Killing Them Softly

In Films, K by David Watson

“America’s not a country. It’s a business. Now f*cking pay me.”

“America’s
not a country. It’s a
business. Now f*cking pay
me.”

No shots are fired, no beatings administered but when
cool, ruthless enforcer Jackie Cogan (Brad
Pitt
) tells his Mob handler (Richard
Jenkins
) the facts of life in a New Orleans bar on the eve of Obama’s
election while the US (and indeed the world) spirals into financial meltdown,
it feels like the most violent scene in an already wincingly violent
movie. As Jenkins procrastinates
and tries to explain to Pitt that theirs is a business of relationships, Pitt
simply scoffs: “I live in America.
And in America, you’re on your own.”

Adapted from The
Friends Of Eddie Coyle
author George
V. Higgins’
hard-as-nails crime novel Cogan’s
Trade
and updated from ‘70s Boston to post-Katrina New Orleans, everyone is
on their own in Australian writer/director Andrew
Dominik’s
second collaboration with star Brad Pitt, Killing Them Softly.
Low-level mobster Johnny (Vincent
Curatola
) hires bozos Frankie (Scoot
McNairy
) and Russell (Ben Mendelsohn)
to knock over the high-stakes poker game run by Markie Trattman (Ray Liotta) reasoning that, as Markie
once robbed his own game and got away with it, suspicion will fall on him and
he’ll take the fall. Richard
Jenkins’ middle management fixer tasks Pitt’s shrewd professional Cogan with
investigating and resolving the situation. An example has to be made, confidence must be restored. Guilty or innocent, Trattman has to be
whacked. And Frankie, Russell and
Johnny can’t be too far behind.
Cogan knows Johnny personally however so he sub-contracts the job to
legendary hitman and friend New York Mickey (James Gandolfini). But
the alcoholic Mickey is way past his best. He’s in the grip of a messy breakdown and more interested in
booze and hookers than doing his job.
Increasingly exasperated by the lack of professionalism he has to deal
with, it falls to Cogan to set things right.

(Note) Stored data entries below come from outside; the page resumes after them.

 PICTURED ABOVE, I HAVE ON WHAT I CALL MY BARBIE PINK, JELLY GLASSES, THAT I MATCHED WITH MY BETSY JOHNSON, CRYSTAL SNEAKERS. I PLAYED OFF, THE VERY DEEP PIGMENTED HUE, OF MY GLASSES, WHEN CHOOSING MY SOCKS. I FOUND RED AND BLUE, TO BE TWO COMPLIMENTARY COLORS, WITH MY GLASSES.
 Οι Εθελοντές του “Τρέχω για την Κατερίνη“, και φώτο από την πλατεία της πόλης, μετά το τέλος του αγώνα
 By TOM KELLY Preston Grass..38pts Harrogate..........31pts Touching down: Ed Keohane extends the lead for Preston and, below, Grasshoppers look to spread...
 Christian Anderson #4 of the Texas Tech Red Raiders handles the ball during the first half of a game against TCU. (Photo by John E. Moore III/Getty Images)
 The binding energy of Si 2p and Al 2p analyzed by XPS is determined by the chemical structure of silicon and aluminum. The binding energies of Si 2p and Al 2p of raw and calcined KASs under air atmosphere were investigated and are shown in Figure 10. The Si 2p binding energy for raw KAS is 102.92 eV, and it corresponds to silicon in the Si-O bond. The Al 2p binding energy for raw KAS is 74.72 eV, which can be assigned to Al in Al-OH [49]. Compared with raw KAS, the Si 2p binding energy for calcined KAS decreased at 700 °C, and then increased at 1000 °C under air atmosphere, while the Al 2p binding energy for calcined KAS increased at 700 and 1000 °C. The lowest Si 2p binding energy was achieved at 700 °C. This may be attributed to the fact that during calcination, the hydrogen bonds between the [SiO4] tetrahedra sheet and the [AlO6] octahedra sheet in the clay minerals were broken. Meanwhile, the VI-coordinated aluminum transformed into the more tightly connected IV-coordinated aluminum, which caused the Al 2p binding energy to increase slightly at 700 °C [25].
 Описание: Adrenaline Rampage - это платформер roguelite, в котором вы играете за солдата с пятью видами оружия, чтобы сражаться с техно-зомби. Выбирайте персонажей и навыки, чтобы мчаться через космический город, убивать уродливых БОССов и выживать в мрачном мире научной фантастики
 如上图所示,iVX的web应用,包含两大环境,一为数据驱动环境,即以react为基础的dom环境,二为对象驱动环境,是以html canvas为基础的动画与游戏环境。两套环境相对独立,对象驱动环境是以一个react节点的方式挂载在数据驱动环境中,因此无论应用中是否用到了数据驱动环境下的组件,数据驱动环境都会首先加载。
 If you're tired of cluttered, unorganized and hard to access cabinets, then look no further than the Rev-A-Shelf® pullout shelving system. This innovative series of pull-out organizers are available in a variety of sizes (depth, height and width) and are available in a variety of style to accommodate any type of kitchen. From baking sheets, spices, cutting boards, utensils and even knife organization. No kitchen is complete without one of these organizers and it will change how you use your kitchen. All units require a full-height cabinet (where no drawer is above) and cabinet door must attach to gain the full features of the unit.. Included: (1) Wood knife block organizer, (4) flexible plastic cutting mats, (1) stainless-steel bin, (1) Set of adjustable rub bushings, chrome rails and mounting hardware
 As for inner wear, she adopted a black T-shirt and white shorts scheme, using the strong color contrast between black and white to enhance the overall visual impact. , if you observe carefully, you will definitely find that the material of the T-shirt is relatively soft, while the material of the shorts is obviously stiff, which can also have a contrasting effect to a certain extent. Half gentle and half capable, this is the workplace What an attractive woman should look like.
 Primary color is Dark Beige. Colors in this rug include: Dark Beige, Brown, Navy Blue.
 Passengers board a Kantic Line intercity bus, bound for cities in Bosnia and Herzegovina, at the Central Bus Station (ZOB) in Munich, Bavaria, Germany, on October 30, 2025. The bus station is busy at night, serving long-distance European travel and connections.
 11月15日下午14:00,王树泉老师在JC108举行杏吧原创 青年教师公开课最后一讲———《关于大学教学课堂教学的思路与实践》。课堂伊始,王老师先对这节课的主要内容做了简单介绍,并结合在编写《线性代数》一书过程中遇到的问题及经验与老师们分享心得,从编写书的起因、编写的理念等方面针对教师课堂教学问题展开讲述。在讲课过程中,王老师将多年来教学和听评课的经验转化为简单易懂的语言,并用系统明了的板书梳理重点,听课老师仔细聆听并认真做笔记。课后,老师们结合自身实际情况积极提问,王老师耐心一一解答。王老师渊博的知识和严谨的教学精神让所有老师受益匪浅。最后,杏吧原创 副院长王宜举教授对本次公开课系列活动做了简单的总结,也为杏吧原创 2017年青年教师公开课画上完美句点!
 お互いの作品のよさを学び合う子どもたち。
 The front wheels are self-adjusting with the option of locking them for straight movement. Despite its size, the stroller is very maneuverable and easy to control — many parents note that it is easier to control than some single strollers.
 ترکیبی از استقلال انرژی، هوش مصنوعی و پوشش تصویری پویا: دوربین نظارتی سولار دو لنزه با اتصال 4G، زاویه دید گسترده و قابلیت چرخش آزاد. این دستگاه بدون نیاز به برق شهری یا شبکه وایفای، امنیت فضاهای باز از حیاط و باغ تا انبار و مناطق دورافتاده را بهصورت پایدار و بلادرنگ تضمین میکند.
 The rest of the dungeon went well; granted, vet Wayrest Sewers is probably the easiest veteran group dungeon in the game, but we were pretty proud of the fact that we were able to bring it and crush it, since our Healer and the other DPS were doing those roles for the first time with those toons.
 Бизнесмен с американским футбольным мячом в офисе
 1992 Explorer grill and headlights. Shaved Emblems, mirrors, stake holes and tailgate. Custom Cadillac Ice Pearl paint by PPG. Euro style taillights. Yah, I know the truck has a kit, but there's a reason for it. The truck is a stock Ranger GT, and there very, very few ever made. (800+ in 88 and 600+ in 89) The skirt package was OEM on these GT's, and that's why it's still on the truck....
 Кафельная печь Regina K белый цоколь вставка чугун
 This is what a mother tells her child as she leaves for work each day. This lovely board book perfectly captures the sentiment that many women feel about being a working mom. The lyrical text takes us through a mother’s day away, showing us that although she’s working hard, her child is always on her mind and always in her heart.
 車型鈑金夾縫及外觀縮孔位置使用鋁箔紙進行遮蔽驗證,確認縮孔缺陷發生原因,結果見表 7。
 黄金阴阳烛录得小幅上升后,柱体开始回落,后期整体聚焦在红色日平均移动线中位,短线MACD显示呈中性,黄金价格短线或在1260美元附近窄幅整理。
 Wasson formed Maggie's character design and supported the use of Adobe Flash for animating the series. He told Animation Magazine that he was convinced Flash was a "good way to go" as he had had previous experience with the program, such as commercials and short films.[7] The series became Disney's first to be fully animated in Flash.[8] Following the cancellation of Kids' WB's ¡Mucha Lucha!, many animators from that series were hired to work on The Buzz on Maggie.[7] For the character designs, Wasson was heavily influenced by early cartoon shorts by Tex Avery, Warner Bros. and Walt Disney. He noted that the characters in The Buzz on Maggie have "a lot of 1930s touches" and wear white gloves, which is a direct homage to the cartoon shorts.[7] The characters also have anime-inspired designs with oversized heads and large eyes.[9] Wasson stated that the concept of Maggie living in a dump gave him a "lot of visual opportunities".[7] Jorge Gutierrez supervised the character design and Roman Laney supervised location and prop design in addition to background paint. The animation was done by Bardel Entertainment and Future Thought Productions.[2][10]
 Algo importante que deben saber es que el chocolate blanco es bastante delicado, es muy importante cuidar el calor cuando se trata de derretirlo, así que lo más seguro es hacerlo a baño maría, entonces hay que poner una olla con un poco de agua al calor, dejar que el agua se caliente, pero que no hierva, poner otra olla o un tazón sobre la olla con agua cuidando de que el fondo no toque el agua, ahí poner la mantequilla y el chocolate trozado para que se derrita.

Tough, stylish and grimly nihilistic, Killing Them Softly is a violent, bleakly funny, crime parable which,
after his lush, beautiful, melancholic ode to the passing of the Old West, The Assassination Of Jesse James By The
Coward Robert Ford
, feels closer in spirit and execution to Dominik’s first
film, the darkly funny Chopper. Unlike the cheerfully demented Chopper
however, Pitt’s laconic Cogan is all business. And doing business is what the film is all about. Just as America’s economy is imploding,
the bottom-feeding criminals of Cogan’s world are also being forced to tighten
their belts; murder’s just the cost of doing business but even that cost is
being driven down due to recession.
While Dominik may hammer home his political points a little unsubtly
(almost every scene of note has a TV or radio somewhere in the background
providing electioneering commentary) his tight, authentic dialogue sings off
the page with some of Gandolfini’s monologues brilliantly judged while Cogan’s
climactic dissection of America is stunning and provocative; the souring of the
American Dream set in stone.

Visually and aurally, Killing
Them Softly
stuns.
Post-Katrina, the derelict washed out streets of New Orleans where the
film plays out, glisten with rot and malice. The assorted hoods and their gas-guzzling cars are
throwbacks to a bygone age; dinosaurs in a modern world. Russell’s slo-mo drug-addled
perceptions of a world filled with distorted sound, vision and time are fun and
the set-piece scenes of violence, the beatings and shootings, are sudden,
surprising and sickening with only one, the slow-motion execution of one victim
in a blizzard of bullets and broken glass, rendered almost abstract by its
beauty.

As you’d expect the performances are nigh on perfect. Gandolfini and Mendelsohn provide some
much-needed light relief in the darkness, Mendelson’s befuddled Aussie junkie
Russell in particular is an inspired creation, and Jenkins stressed, nebbish
Mob middleman could be any visiting area manager of a large corporation. As the doomed Trattman, Liotta invests
his character with a tragic, wounded nobility while Scoot McNairy delivers a
whiny, nervy Frankie, a sympathetic loser in way over his head who’s just
trying to stay alive. It’s Pitt
who dominates the film though from the moment his leather-jacketed shark Cogan
enters the film to Johnny Cash’s The Man
Comes Around
. It’s a tight,
nuanced performance which may finally see Pitt get the Oscar he should have got
last year for Moneyball.

Harsh, brutal and unforgiving, Killing Them Softly is a gritty, jaundiced vision of America in
turmoil that may just be the finest American film of the year.